DensePhysNet: Learning Dense Physical Object Representations via Multi-step Dynamic Interactions

Supplementary video for our setup, model, and results


We study the problem of learning physical object representations for robot manipulation. Understanding object physics is critical for successful object manipulation, but also challenging because physical object properties can rarely be inferred from the object’s static appearance. In this paper, we propose DensePhysNet, a system that actively executes a sequence of dynamic interactions (e.g., sliding and colliding), and uses a deep predictive model over its visual observations to learn dense, pixel-wise representations that reflect the physical properties of observed objects. Our experiments in both simulation and real settings demonstrate that the learned representations carry rich physical information, and can directly be used to decode physical object properties such as friction and mass. The use of dense representation enables DensePhysNet to generalize well to novel scenes with more objects than in training. With knowledge of object physics, the learned representation also leads to more accurate and efficient manipulation in downstream tasks than the state-of-the-art.

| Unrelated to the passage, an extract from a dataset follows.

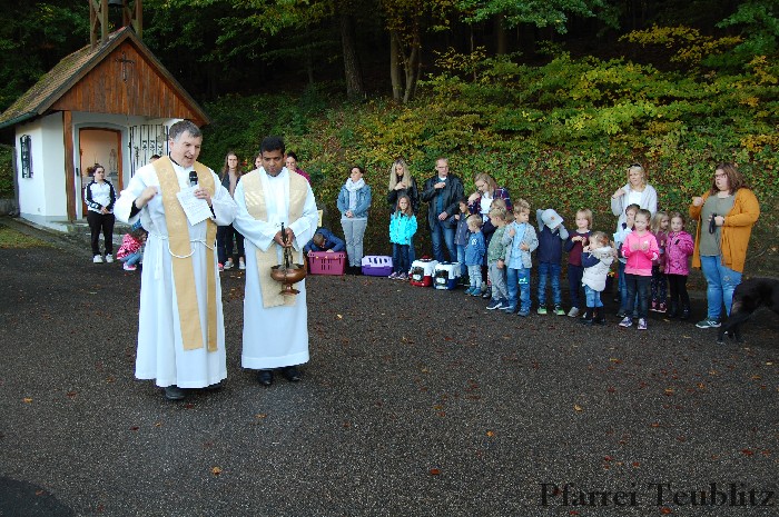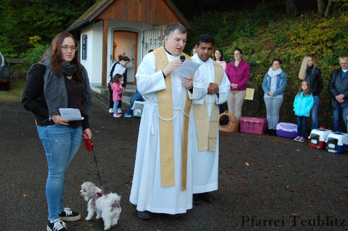 Bei wunderschönem Herbstwetter fand die nunmehr achte Tiersegnung zu Ehren des heiligen Franz von Assisi statt. Viele kamen mit ihren Haustieren zur Saltendorfer Franziskuskapelle, wo das Ehepaar Andrea und Lothar Ziechaus vom Kapellenverein schon alles vorbereitet hatte.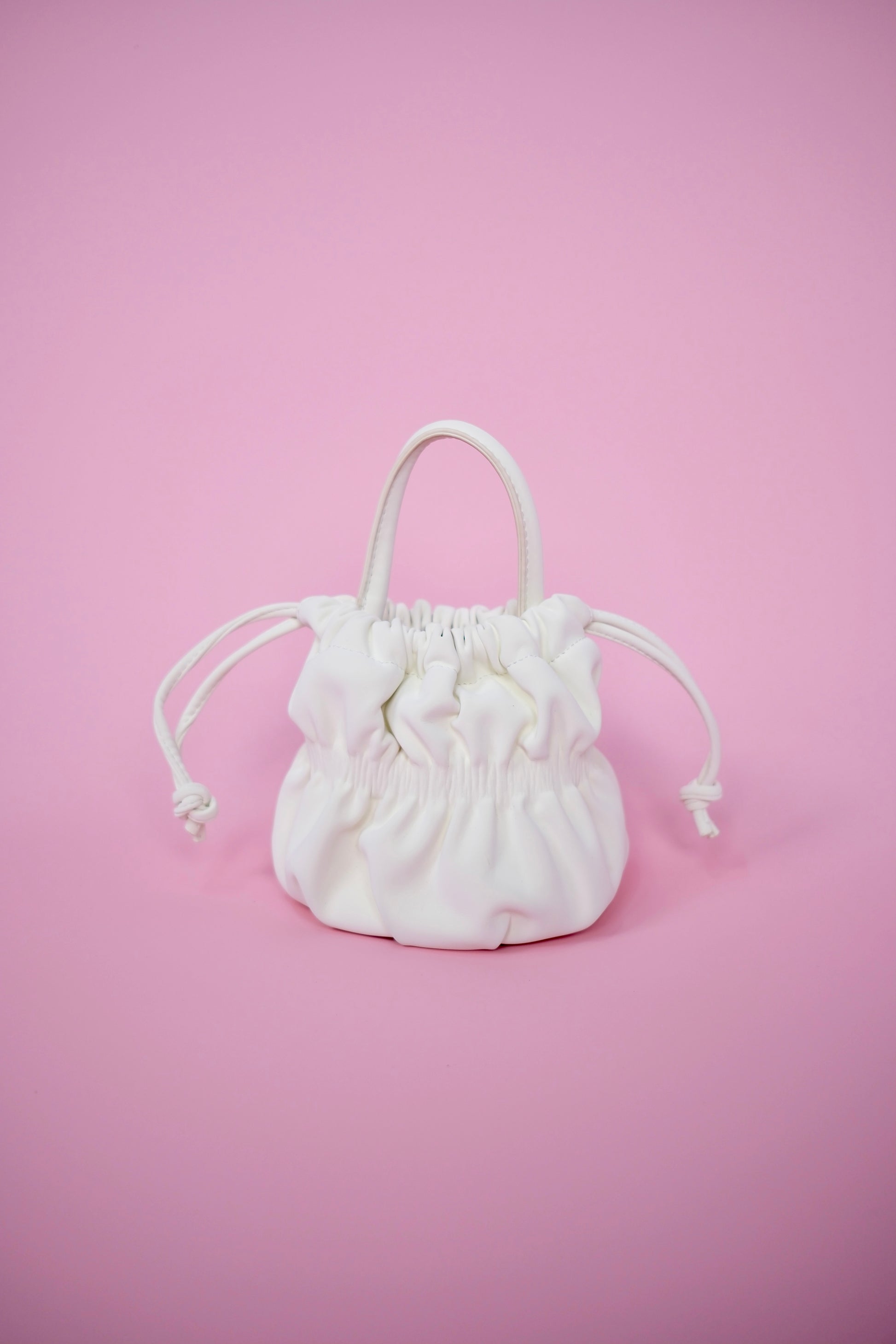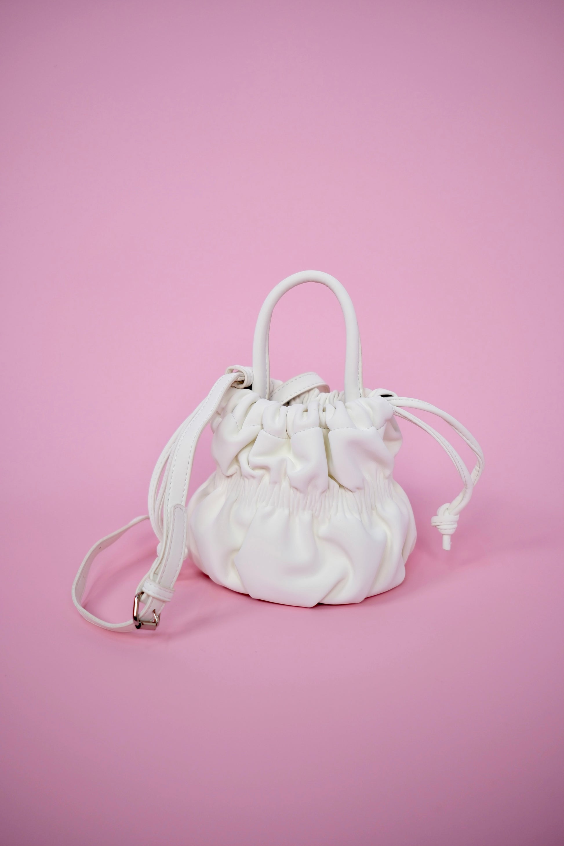A cute companion from day to night, with a detachable shoulder strap to boot! Features a scrunchy top opening and inner zip pocket.

Figure 1: Our goal is to build a robotic system that learns a dense physical object representation from a few dynamic interactions with objects. The learned representation can then be used to decode object properties such as its material and mass, applied in manipulation tasks such as sliding objects with unknown physics, and combined with a physics engine to tackle novel tasks.


Figure 2: DensePhysNet consists of five modules: (a) an image encoder, (b) a multi-step information aggregator, (c) an action encoder, (d) a cross convolutional layer, and (e) a motion predictor.